There we have the mad savage's interpretation of - - - the mad savage.

Non-integrated and linguistically non competent resident.
Could not have said it better


Posted by: GeorgeFowell 27.Apr.2018, 10:30 AM

My favorite Swedish dish is Jansson's Temptation. It is so delicious and yummy everyone should try it.

Posted by: JonG 28.Apr.2018, 01:43 PM

Planka is worth a try at home, but of course you have to buy the planka boards first (ICA Maxi sell them).

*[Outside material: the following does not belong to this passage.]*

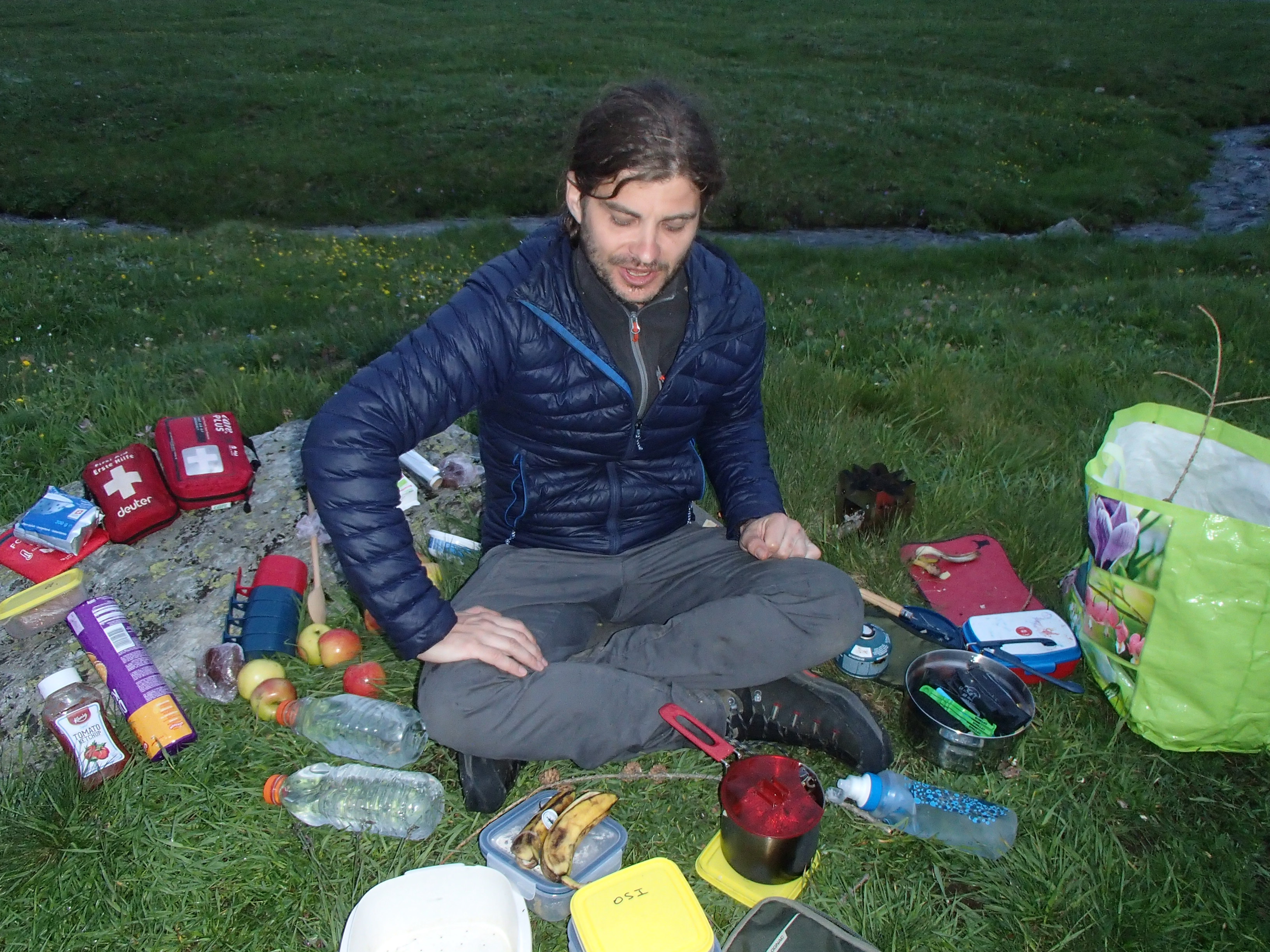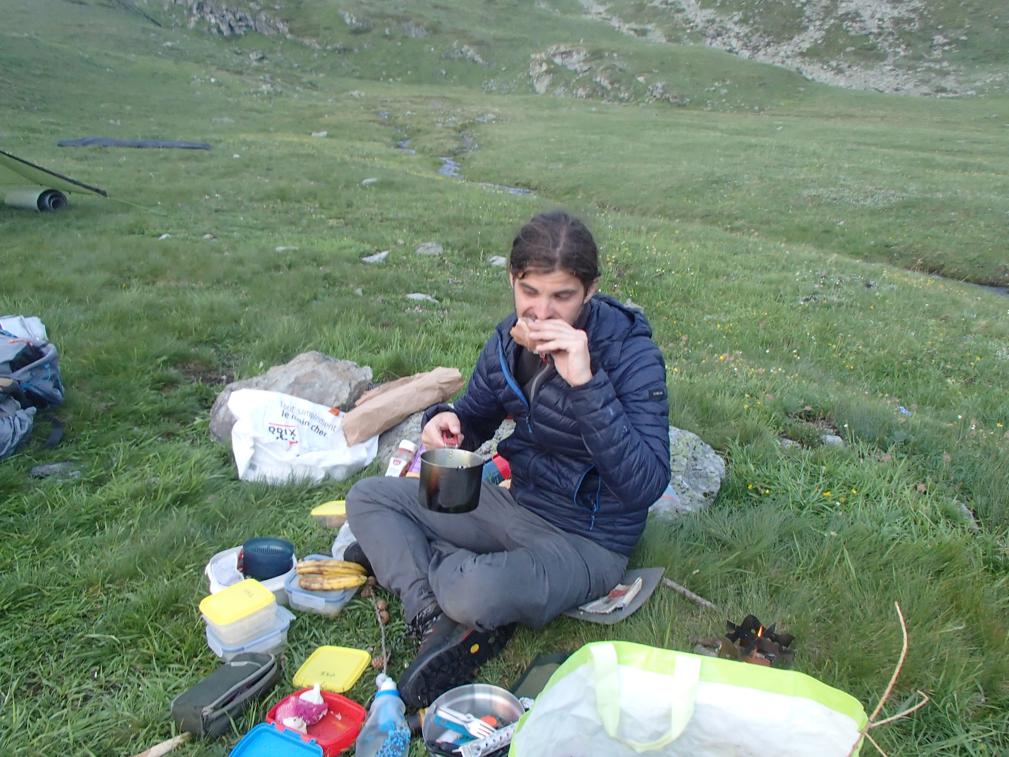 Ce matin, après un lever vers 10h pour tout le monde, il est temps de préparer les sacs pour partir en bivouac. Il faut bien deux bonnes heures pour y mettre tout le matériel (sans rien oublier) ainsi que le repas de ce soir. Mais à midi et demi tout le groupe est sur le départ.

Get some pork fillet (fläskfilé) and slice into thick slices. Season it then fry in a pan and place on your boards (warm the planka boards in the oven while you fry the meat). Pipe mashed potatoes around the outside (adding an egg to the mash helps it brown up nicely under the grill). Then put whatever sauce you're using on (just buy bearnaise or red wine sauce premade from the supermarket), plus any veggies on the side (half a tomato is traditional too) and finally grill to perfection under the broiler (if you're American) or grill (if you're normal) ;P

Restaurant luxury at home and not very hard to do at all!

Posted by: nosmas10 13.Aug.2018, 06:33 AM

I always love the taste of potatoes that's why Janssons frestelse is my favorite Swedish food.